Overview

Functions in Python are First-class function, i.e:

a function can be assigned to variable, or stored in other data structure (like list of functions)

a function can be passed as argument to another function

a function can be returned as value from another function

Example - a function can be assigned to variable

			def greet(name):
				print("Hello, {}".format(name))

			#a function can be assigned to variable:
			foo = greet
			greet("Maria")
			foo("Pesho")

			#OUTPUT
			# Hello, Maria
			# Hello, Pesho
		

Example - a function can be passed as argument to another function

			def greet(name):
				print("Hello, {}".format(name))

			# a function can be passed as argument to another function
			def wrapper(f, n):
				f(n)

			wrapper(greet, "Alex")

			#OUTPUT
			# Hello, Alex
		

Example - a function can be returned as value from another function

			#a function can be returned as value from another function
			def greet_wrapper(name):
				def wrapper():
					print("Hello, {}".format(name))

				return wrapper

			greet = greet_wrapper("Viktor")
			greet()
		

Overview

A decorator is a software design pattern.
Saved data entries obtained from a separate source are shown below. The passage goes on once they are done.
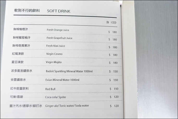 Beluga的水資每人80元,可選進口礦泉水或氣泡礦泉水,服務人員補水非常迅速。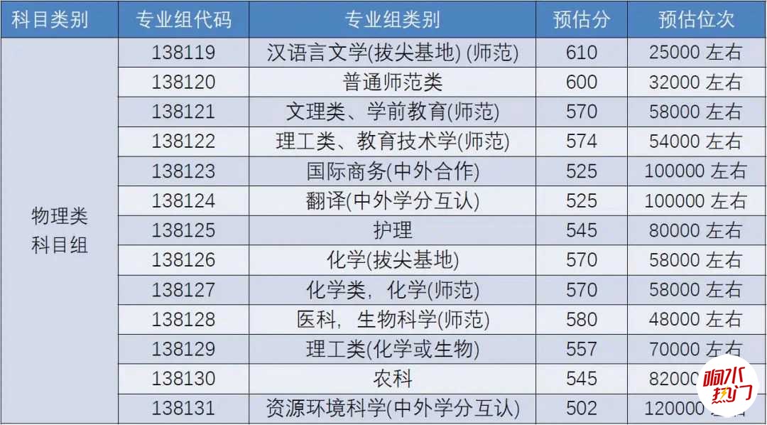 今年继续将地球科学与资源环境类、环境与健康实验班单独设置专业组,因此该10专业组和医学11专业组会较上面预估分低1分,也就是662分左右。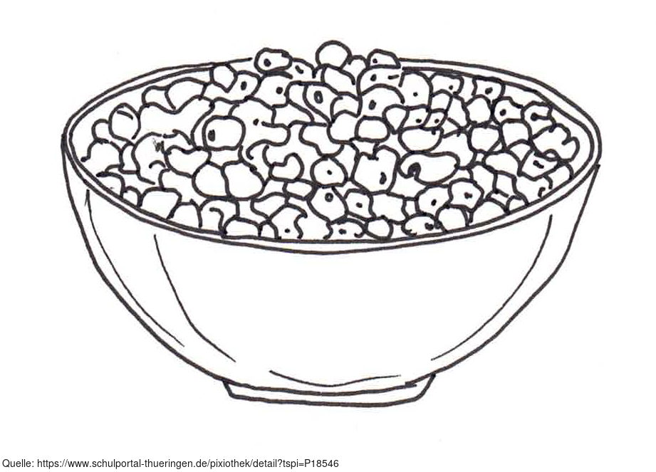 Das Bild zeigt eine gezeichnete Schale voller Körner (s/w). Es gehört zur Serie "Ernährungspyramide zum Basteln und Gestalten" und findet u.a. im gleichnamigen Lernobjekt unter https://www.schulportal-thueringen.de/web/guest/media/detail?tspi=18517 Verwendung. Es gelten die Nutzungsbedingungen der Mediothek und Pixiothek.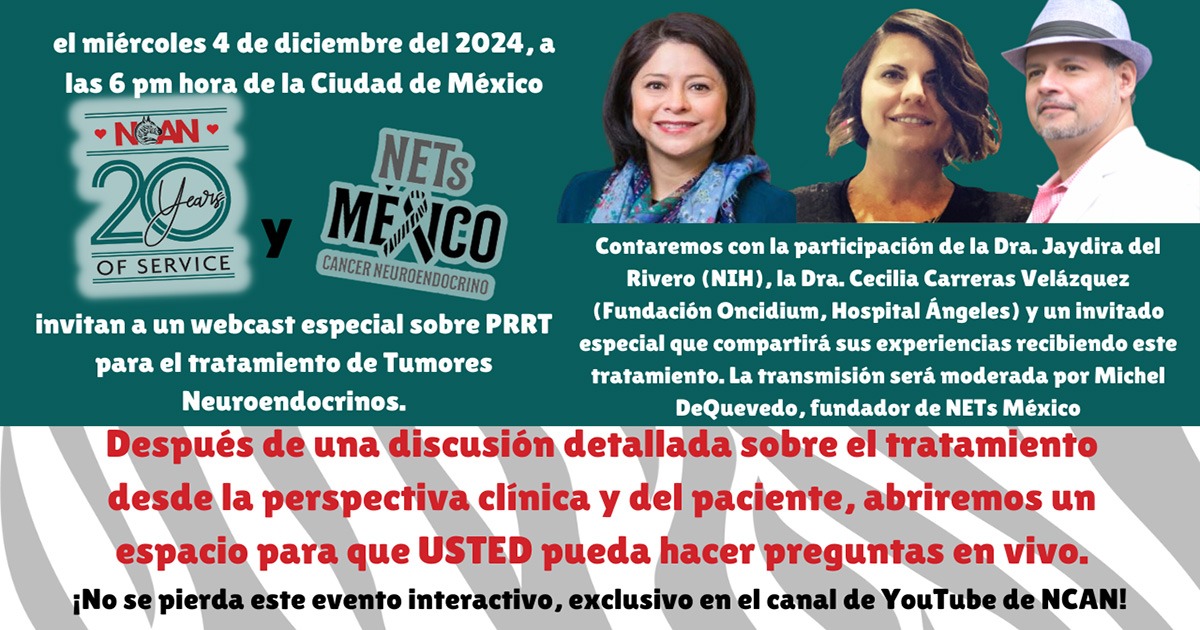 ¡NCAN y NETs México invitan a un webcast especial sobre PRRT para el tratamiento de Tumores Neuroendocrinos! Acompáñenos el miércoles 4 de diciembre del 2024, a las 6 pm hora de la Ciudad de México, en una transmisión especial en español donde hablaremos sobre el tratamiento PRRT (Lutecio 177) para pacientes con NETs. Contaremos con la participación de la Dra. Jaydira del Rivero (NIH), la Dra. Cecilia Carreras Velázquez (Fundación Oncidium, Hospital Ángeles) y un invitado especial que compartirá sus experiencias recibiendo este tratamiento. La transmisión será moderada por Michel DeQuevedo, fundador de NETs México. Después de una discusión detallada sobre el tratamiento desde la perspectiva clínica y del paciente, abriremos un espacio para que USTED pueda hacer preguntas en vivo. ¡No se pierda este evento interactivo, exclusivo en el canal de YouTube de NCAN! Join us for a Special Roundtable about Nuclear Medicine in NETs! Join us on Wednesday, December 4th, 2024 for a special Spanish Speaking roundtable covering Nuclear Medicine in NETs featuring Dr. Jaydi del Rivero, Dr. Cecilia Carreras Velázquez and a PRRT treated patient and hosted by NETs Mexico founder, Michel DeQuevedo! After an in-depth discussion about Nuclear Medicine's role in NET treatment from both the clinical and patient perspectives, we open the floor to YOU for live questions. Don't miss this incredible live and interactive event exclusively on NCAN's YouTube Channel at the link below! www.youtube.com/@neuroendocrinecancerawaren6842

Decorators dynamically alter the functionality of a function, method, or class without having to directly use subclasses or change the source code of the function being decorated

Simply said, decorators allows us to insert logic before and after a function is called.

How Decorator Pattern works in Python?

decorated = decorator(decorated)

			def stars_decorator(f):
				def wrapper():
					print("*" * 50)
					f()
					print("*" * 50)

				return wrapper

			def greet():
				print("Howdy World!")

			# let's decorate greet:
			greet = stars_decorator(greet)

			# and use it:
			greet()
		

the @ syntactic sugar - syntax

Python provides a simple syntax (@decorator_name) for calling higher-order functions.
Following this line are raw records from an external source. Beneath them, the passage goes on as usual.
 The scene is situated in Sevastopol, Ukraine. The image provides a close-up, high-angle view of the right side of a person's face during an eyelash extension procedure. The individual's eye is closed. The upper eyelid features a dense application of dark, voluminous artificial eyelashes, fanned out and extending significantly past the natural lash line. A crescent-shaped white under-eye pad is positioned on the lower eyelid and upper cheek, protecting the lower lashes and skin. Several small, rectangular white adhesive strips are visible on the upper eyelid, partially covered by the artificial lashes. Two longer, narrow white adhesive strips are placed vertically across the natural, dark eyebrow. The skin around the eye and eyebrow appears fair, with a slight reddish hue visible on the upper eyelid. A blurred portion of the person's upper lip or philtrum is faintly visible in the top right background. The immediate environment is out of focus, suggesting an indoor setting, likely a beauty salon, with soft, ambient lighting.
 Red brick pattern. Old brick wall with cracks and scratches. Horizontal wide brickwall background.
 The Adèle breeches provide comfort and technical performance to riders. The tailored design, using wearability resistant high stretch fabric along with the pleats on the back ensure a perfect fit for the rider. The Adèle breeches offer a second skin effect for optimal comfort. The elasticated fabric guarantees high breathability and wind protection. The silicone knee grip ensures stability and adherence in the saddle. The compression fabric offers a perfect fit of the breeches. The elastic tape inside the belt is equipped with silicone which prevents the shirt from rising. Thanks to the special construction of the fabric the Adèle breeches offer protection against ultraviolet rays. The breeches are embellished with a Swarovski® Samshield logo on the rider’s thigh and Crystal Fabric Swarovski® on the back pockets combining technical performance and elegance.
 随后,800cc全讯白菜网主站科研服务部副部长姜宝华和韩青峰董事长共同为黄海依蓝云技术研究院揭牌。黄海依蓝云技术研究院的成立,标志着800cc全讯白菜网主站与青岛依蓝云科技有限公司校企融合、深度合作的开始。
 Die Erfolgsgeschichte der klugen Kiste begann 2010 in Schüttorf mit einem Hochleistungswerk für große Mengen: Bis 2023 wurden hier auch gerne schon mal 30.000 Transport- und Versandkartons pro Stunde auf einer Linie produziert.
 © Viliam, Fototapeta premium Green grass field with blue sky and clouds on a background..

A function decorator, with @ syntax, can be regarded as a "syntactic sugar" for a function that takes a function and returns a function

			#define the decorator:
			def decorator():
				pass

			# define a function to be decorated:
			@decorator
			def decorated():
				pass

			# just call the decorated function:
			decorated()
		

the @ syntactic sugar - example

			#define the decorator:
			def stars_decorator(f):
				def wrapper():
					print("*" * 50)
					f()
					print("*" * 50)

				return wrapper

			# let's decorate greet:
			@stars_decorator
			def greet():
				print("Howdy World!")

			# and use it:
			greet()
		

Decorator Pattern in Python - example with arguments

What about if we want the decorated function to take some arguments?
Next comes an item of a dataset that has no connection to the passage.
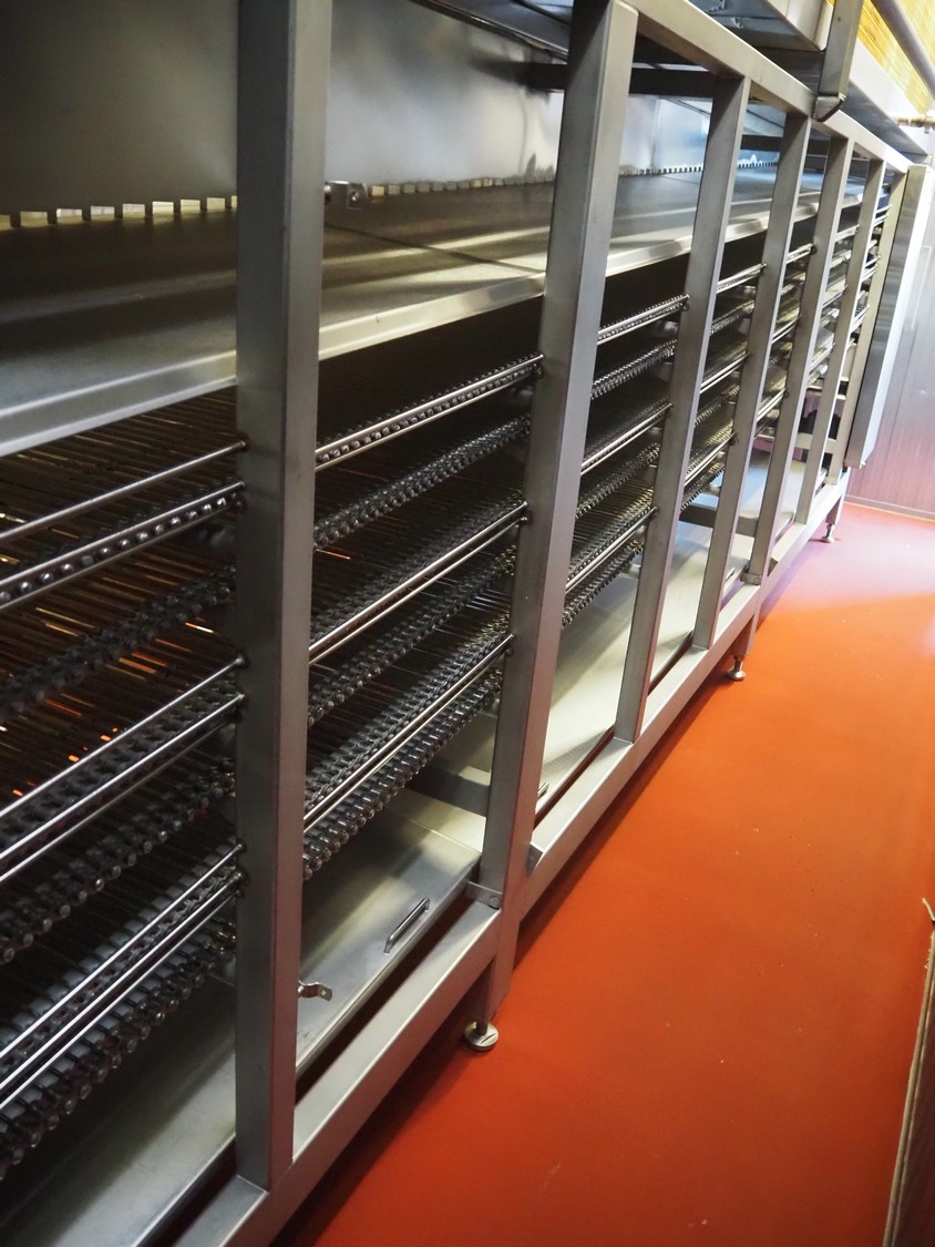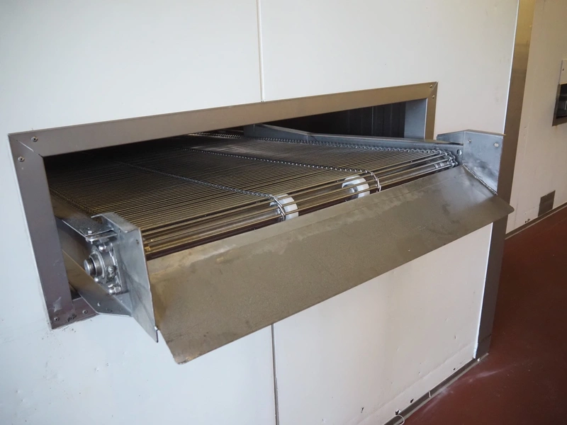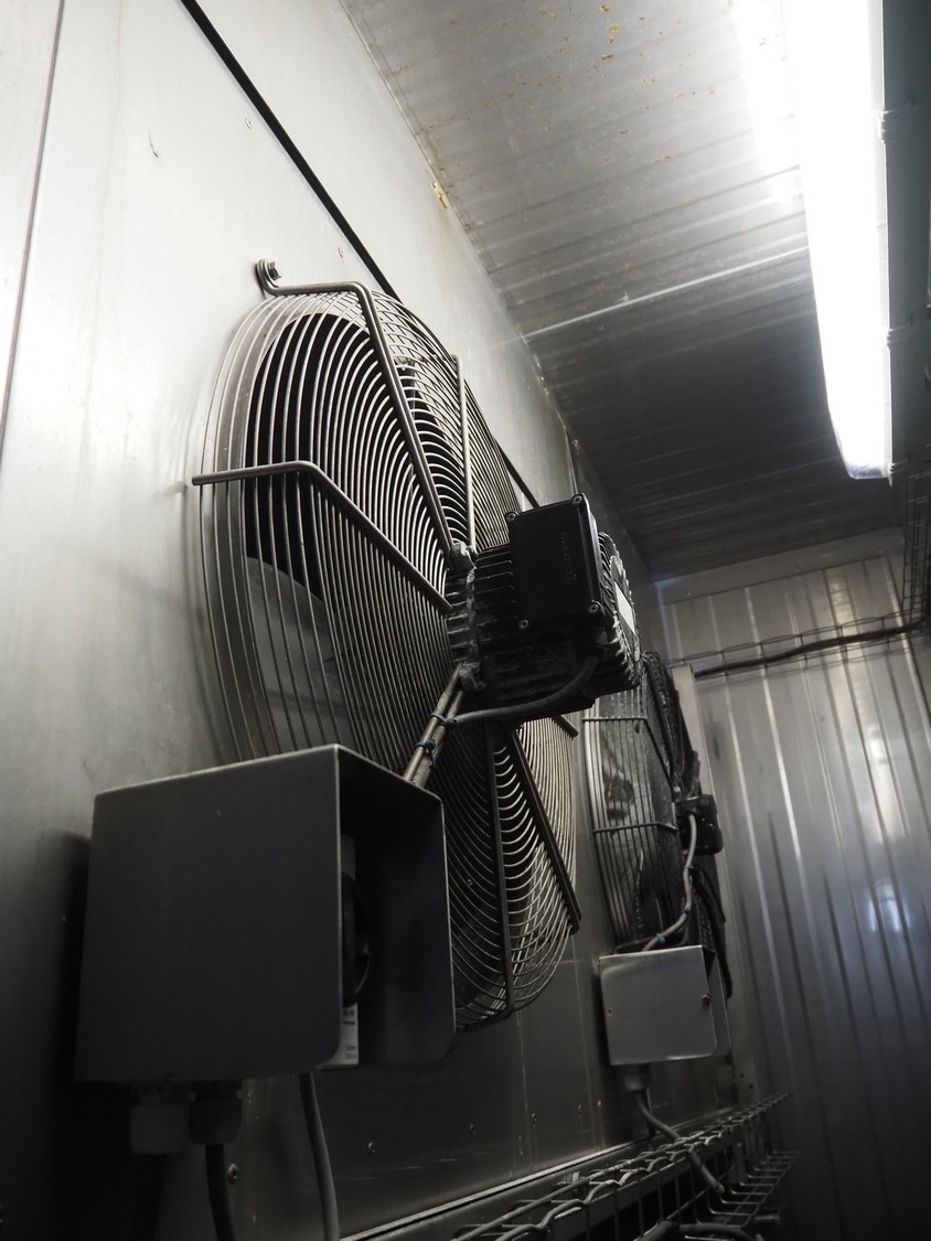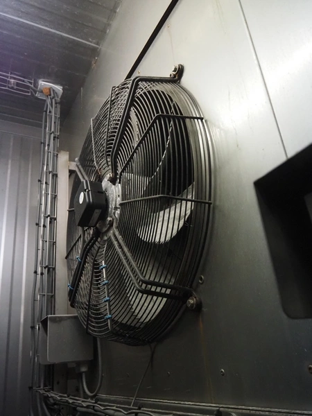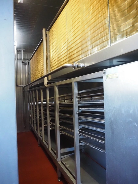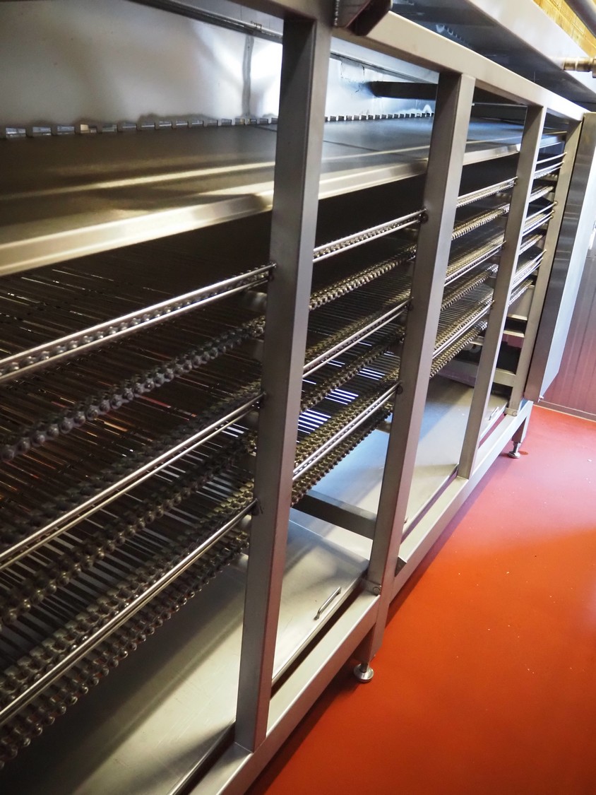 Koppens / GEA Goedhart B.V. cooling tunnel, type: KT3S 6000 / 1000, machine number: KT3S 6000 / 1000 - 138, 380 V, 3 Ph, 50 Hz, 1.12 A, 0.37 kW, 3 floors, s/s mesh belt, belt width: 1000 mm, GEA Goedhart B.V. evaporator, type: LLK.s 411 m², manufacturing number: PJV100282, year of construction: 2010, volume: 135 dm³, refrigerant: NH3, weight: 770 kg, working pressure: 22 bar, test pressure: 32 bar, total dimensions including cooling panels and s/s door: 7500 mm x 2700 mm x 3300 mm.

			def stars_decorator(f):
				def wrapper(n):
					print("*" * 50)
					f(n)
					print("*" * 50)

				return wrapper

			def greet(name):
				print("Howdy {}!".format(name))

			# let's decorate greet:
			greet = stars_decorator(greet)

			# and use it:
			greet("Pesho")
		

the @ syntactic sugar - example with arguments

			def stars_decorator(f):
				def wrapper(n):
					print("*" * 50)
					f(n)
					print("*" * 50)

				return wrapper

			# let's decorate greet:
			@stars_decorator
			def greet(name):
				print("Howdy {}!".format(name))


			# and use it:
			greet("Pesho")
		

Overview

Lambda expressions in Python are used to create short (one-line), anonymous functions.

Lambda expressions creates a function that does not use def and return.

The "body" of lambda can contain only single expression.

They are generally used with reduce( ), filter( ), and maps(), or as arguments to other functions.

Syntax

Lamda functions are defined by:

			lambda	parameter_list: expression
		

which is equivalent to

			def some_func(arguments):
				return expression
		

but without a name

simple example

Note, that in bellow examples, lambda functions are assigned to variables, just to demonstrate the lambda syntax in simplest context. This is not Pythonic - lambdas should be used as anonymous functions. And we will see real lambda usage in next slides.

			l = lambda x,y:x+y
			print( l(2,3) )

			maxnum = lambda x,y: x if x>y else y
			print( maxnum(30,40) )
		

Syntax

			filter(function, iterable)
		

function - a function definition. Note, that you must not call the function!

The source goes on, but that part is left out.